Flotsametrics and the Floating World: How One Man's Obsession with Runaway Sneakers and Rubber Ducks Revolutionized Ocean Science

  • Curtis Ebbesmeyer &
  • Eric Scigliano
HarperCollins: 2009. 304 pp. $26.99, £16.99 9780061558412 | ISBN: 978-0-0615-5841-2

As I gaze down from the aeroplane window at the Arabian Sea, the irony that I'm flying around the world to talk about the impact of climate change and how to reduce carbon emissions is not lost on me. To get to my meeting without emitting any carbon, I could, like the ancient Norsemen, have ridden the ocean gyres to far-off lands. Although the excuse “Sorry I'm 3.4 years late but that's the Majid Gyre for you” would be original, it might not satisfy my audience. Yet it comes out of a new book on ocean currents by oceanographer Curtis Ebbesmeyer and journalist Eric Scigliano.

Curtis Ebbesmeyer has raised concerns that our seas are being choked by rubbish and plastic debris spilt from ships' containers. Credit: D. INGRAHAM

I say the Majid Gyre as this is what the authors unilaterally call the Indian Subtropical Gyre. And I say a precise 3.4 years because that is the period of a harmonic in the ocean's large-scale flow. Flotsametrics and the Floating World highlights that the 11 major gyres that determine the surface circulation of the oceans rotate with a fundamental tone of 13.4 years, with half, quarter (hence 3.4), eighth and sixteenth tones. The authors elegantly call this the 'music of the gyres'.

Credit: A. SEALE/IMAGEQUESTMARINE.COM

As I read on, however, my attention turns to my immediate surroundings. Plastic is everywhere: in the cabin lining, the chairs, the food trays and, let's face it, most of the airline food too. Virtually everything we use today is plastic, but our disposal of it is haphazard. As plastic objects break down into smaller and smaller particles, they disappear from view and from our minds but not from our environment. Most of this plastic will one day end up in the ocean.

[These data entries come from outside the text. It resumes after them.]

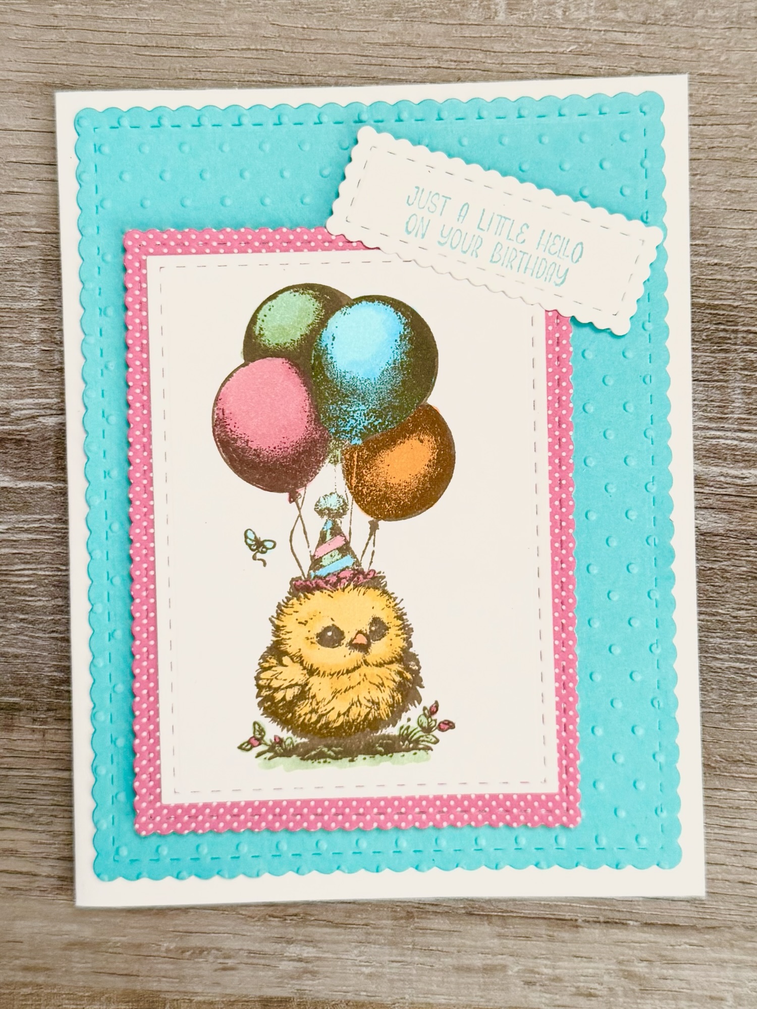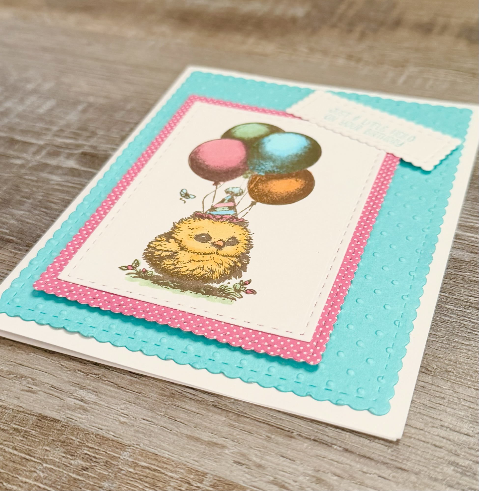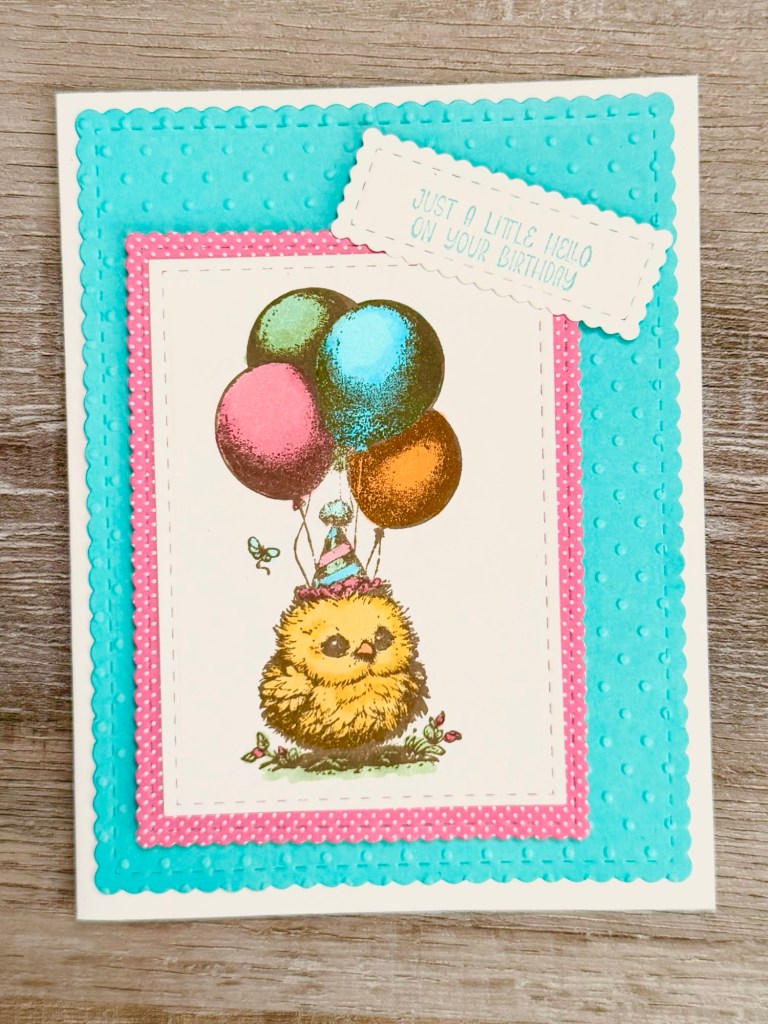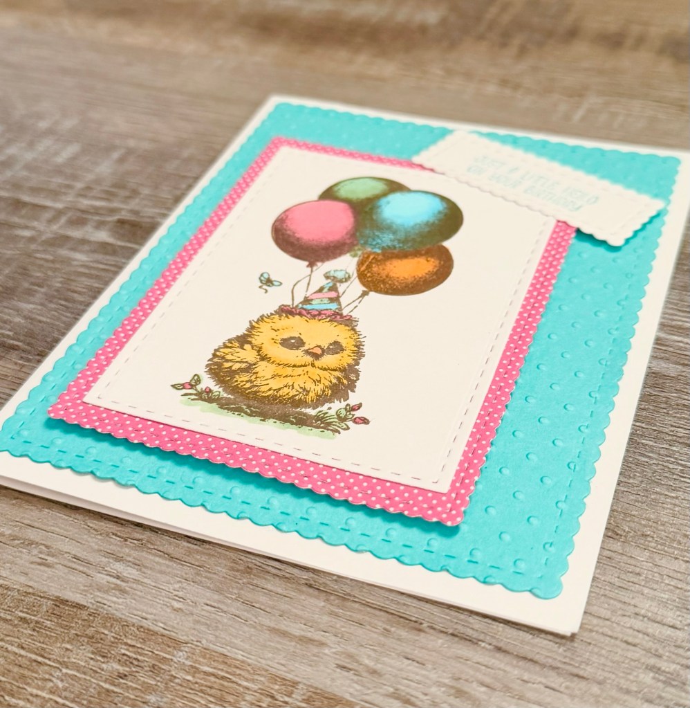 This cute little Birthday Chick is from the stamp set called Bitty Birthday Bash from Unity Stamp Company. She makes the sweetest birthday card!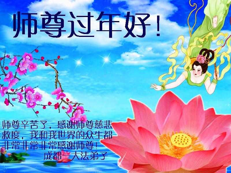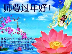 慈悲伟大的师父新年好!新的一年里,弟子将谨遵师父教诲,倍加珍惜正法洪势中的分分秒秒、点点滴滴,坚持不懈深入做好三件事,注重整体配合,随时解体种种人心,让更多世人尽快明真相,得天法,感悟浩荡佛恩。祈愿师尊少一份操劳,多一份欣慰!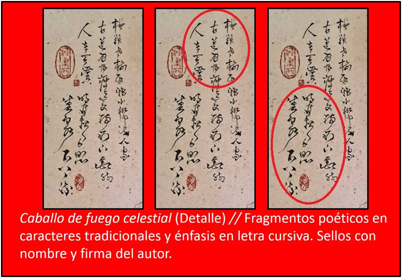 Para apoyar su apuesta por la cultura asiática en relación con el caballo, utiliza Alexis González los títulos de las obras; textos que aunque no escapan a la polisemia en su interpretación, el espacio expositivo les guía por el sendero de la cultura china. “Caballo de fuego celestial”, “Longevo caballo de jade” y “La primavera llega primero al pie del viejo caballo”, por ejemplo, parecen apostar por la nobleza imperial de la dinastía Tang en el siglo IX o el respeto a la longevidad.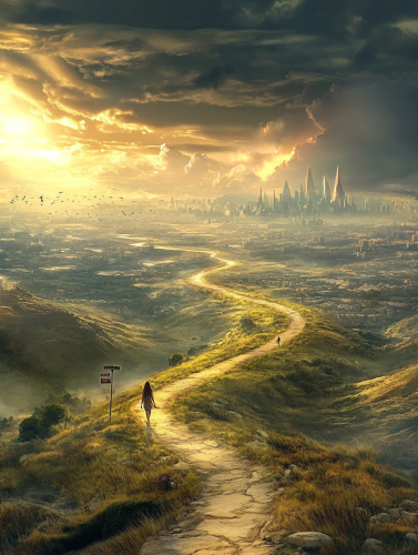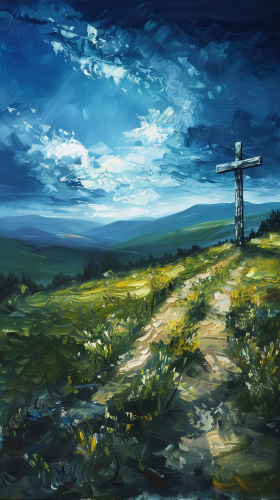 oil painting of large landscape of open valley, and a dirt road leading to a large wooden cross on a hill ultra-wide angle lens bright-dark contrast lighting blue --ar 9:16 --v 6.0 --style raw
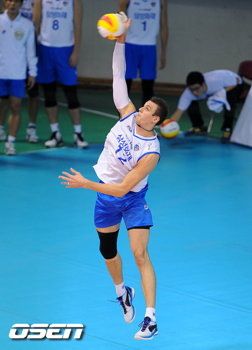 6일 오후 대전 충무실내체육관에서 열린 2011-2012 NH농협 V-리그 남자부 삼성화재와 대한항공의 경기, 1세트 삼성화재 가빈이 서브를 시도하고 있다.

Ebbesmeyer and Scigliano show — from journal papers, reports and their own observations — that the level of plastics building up in the sea, and particularly in the ocean gyres, is alarming. The North Pacific Subtropical Gyre has recently been dubbed the “Garbage Patch” by the media and by scientists; in places, plastic dust particles exceed phytoplankton in number.

Plastic bags are one source that has recently received a lot of attention. Some states in India have banned them, and even carrying one in the street incurs a penalty. This may be warranted. Although initial investigations of the environmental impact of ubiquitous microscopic plastic particles showed them to be benign roughage, recent research, covered in the book, flags up health issues. Chemicals from plastics can be carcinogens and 'endocrine disrupters' that mimic hormones such as oestrogen.

It is not only plastics that find their way into the ocean through landfill and dumping at sea. Flotsam and jetsam also get caught in its endless gyres. Ships are not always obliged to report the loss of containers at sea, nor their contents, and many do not because it looks bad on their records. In international waters the law against such pollution is inefficient or unenforceable. Yet Ebbesmeyer has built much of his ocean-circulation research on the serendipitous finds of beachcombers and mariners — from container loads of plastic bath toys and trainers spilled from ships, to bodies and ghost vessels lost at sea.

Flotsametrics and the Floating World is a tale of climate change and its effect on ocean gyres, and of seas so choked with plastic that climate change may be the least of our problems. The book also touches on darker, intriguing issues, such as the fate of bodies in the marine environment. But there is good news here too, from the discovery of new drugs in marine organisms to how oceans have enabled the dispersal of human civilizations across Earth. Best of all, the book reads like a good story because of the autobiographical way in which Ebbesmeyer and Scigliano lead the reader through.

My own path through oceanography has been similar to Ebbesmeyer's. We both worked on similar problems; from slabs of water and their mixing to tracking spills, dead bodies and plastic ducks. In the 1970s and 1980s, oceanography involved more exploration and pure experimentation than is typical today — it was romantic and fun. We get more out of marine science now, using technological tools such as satellites, supercomputers, robotic drifters and acoustic probes. But we have also inherited a bureaucracy of targets, cost allocations and concerns over health and safety, and this change in culture comes through in Ebbesmeyer's story. Concern for safety is no bad thing. But picture the scene if we were to start oceanography from scratch today — “Yes, we're going out in very deep water with 10-metre waves, in a small metal container while operating high-voltage equipment and explosives.” We would be banned.

Whether you want to learn more about how the oceans tick or how we are affecting our environment, or to reminisce about science not being what it used to be, this is a very enjoyable, if at times dark, book. And I never did have to resort to the in-flight movie.